平成19年度新司法試験論文式
刑事系第一問参考答案

第1.小問1について
1. 詐欺と恐喝の区別について
 甲がAから金員を支払わせるにあたり,欺罔とも喝取とも考えうる手段を用いている。甲に成立しうる犯罪は,詐欺と恐喝のいずれであろうか。
 詐欺と恐喝は,被害者の意思決定過程に瑕疵を生じさせる点で共通するが,その瑕疵が,錯誤によるものか,畏怖によるものかで異なる。
 本問において,Aは「Bは現在も仕事を休んで治療を続けており,追加の治療費と休業補償分を加えると,未払分は120万円にとどまらず,既に200万円になっている。」との嘘を言われている。しかし,未だ支払を拒否する態度を変えようとしなかった。
 その後,「あんたにも家族がいるだろう。家族が事故に遭えば,被害に遭った者の気持ちが分かるかもしれんな。家族が事故に遭ってから,あの時200万円支払っておけば良かったと悔やんでも遅いぞ。

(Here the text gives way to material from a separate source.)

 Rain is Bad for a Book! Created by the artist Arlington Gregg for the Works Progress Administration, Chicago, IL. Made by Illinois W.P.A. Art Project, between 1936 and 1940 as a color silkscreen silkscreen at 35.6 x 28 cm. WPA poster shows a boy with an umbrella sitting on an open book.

」と甲が述べて,Aの家族に危害が及ぶ旨を示唆して初めて,Aは支払意思を有するに至ったのである。
 従って,本問のAの金員の交付は,主として恐喝による畏怖に基づいてなされたと評価すべきである。
 よって,甲の行為は「恐喝」にあたるものとして,恐喝罪(249条1項)の成否を検討すべきである。
2.権利行使と恐喝について
(1) 甲は,Bから取立てを依頼されており,少なくとも120万円については,正当な取立て権限を有しているといえる。この点が恐喝罪の成否に影響するか。
(2) 恐喝罪も財産罪であるから,財産上の損害がなければ,構成要件該当性が認められない。正当な権利行使の範囲においては,財産上の損害が認められないのではないか。
 思うに,1項恐喝罪は財産秩序維持の観点から占有それ自体が保護法益である。従って,個別財産に対する罪というべきである。よって,畏怖しなければ交付しなかったという関係がある限り,正当な権利行使といえども,財産上の損害は否定されないと解する。
 よって,本問で,Aは畏怖しなければ金員の交付はしなかったといえるから,財産上の損害は認められる。
(3) そうであるとしても,正当な権利行使の範囲にとどまる場合,個別的に違法性が阻却される場合があるのではないか。
 思うに,違法性の本質は単に法益侵害性という結果無価値のみにあるのではなく,規範違反という行為無価値をも考慮すべきである。そうである以上,権利行使として社会的に相当性を有する限度においては,違法性の阻却を認めるべきである。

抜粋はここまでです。